For a long while, I resigned myself to Crossing Over not existing in print. But as time went by, this felt less and less satisfactory.

In the intervening years, as more and more boats began to arrive in this area, I had the chance to work with a number of people who had made the crossing, thanks to the support of the Royal Literary Fund and collaborations with local charities, including KRAN and Samphire. I also attended a vigil on the beach down the road in solidarity with the 27 people who drowned trying to make the trip last November. These experiences and the hardening of UK government policy towards those risking their lives for the hope of security in my home country made me feel increasingly strongly the importance of using stories to build bridges.

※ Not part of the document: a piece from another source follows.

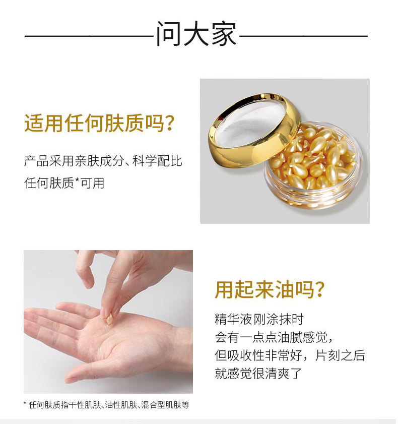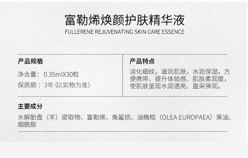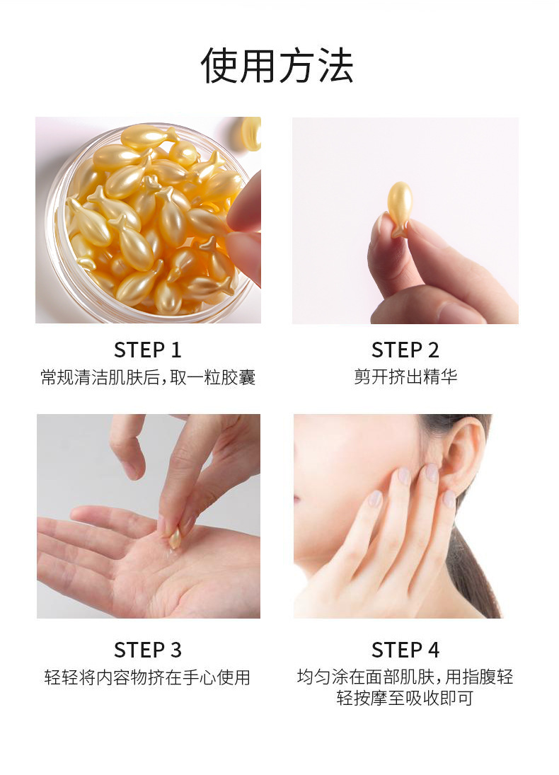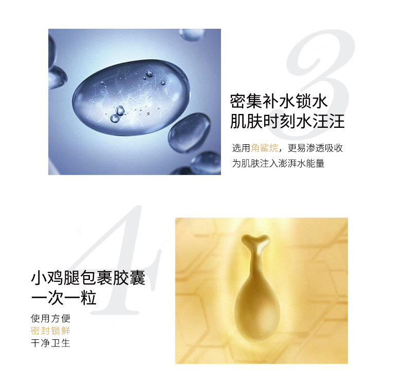 30 капсул омолаживающей сыворотки (позолоченная крышка); 30 капсул антивозрастной эссенции (белая крышка); Фуллерен Водянистый Увлажняющий Крем-Эссенция 30 капсул; Флакон с 60 капсулами эссенции витамина Е (английская версия только для трансграничных продаж); Эфирное масло розы, бутылка 60 капсул (английская версия предназначена только для трансграничных продаж); 30 капсул омолаживающей эссенции (с золотым гальваническим покрытием) (английская версия предназначена только для трансграничных продаж); L-VC Essence 40 капсул, круглая бутылка; L-VC Essence 50 капсул, круглая бутылка; L-VC Essence 50 капсул, круглая бутылка, английская версия (только для продаж за границу); Овечья плацента, пакетик 20 капсул; Baichi Flower Squalane Double Anti-Wrinkle Firming Essence Oil, коробка из 36 капсул; Крем-эссенция Gold Cap, 30 капсул; Крем-эссенция White Cap, 30 капсул; Белый пруд цветка сквалан маленький счастливый мешочек эссенция масло 36 капсул; Маленький мешочек с эфирными маслами, 30 капсул

And so I decided to try again, this time approaching the kind of small, independent publishers who so often champion the extraordinary, boundary-pushing books I feature on this blog. A few months ago, I agreed a deal with the wonderful Renard Press.

Their publisher, Will Dady, told The Bookseller this: ‘I’m absolutely delighted to have acquired the UK and commonwealth rights to Ann Morgan’s beautiful new novel, Crossing Over. A stirring tale that considers the plight of those forced by circumstance to leave their homeland and cross the Channel in search of a better life, as well as the realities of living with dementia, the book is a real celebration of humanity, and leaves you reeling, thinking about what others are facing in their lives and the power of connection, even when language fails.’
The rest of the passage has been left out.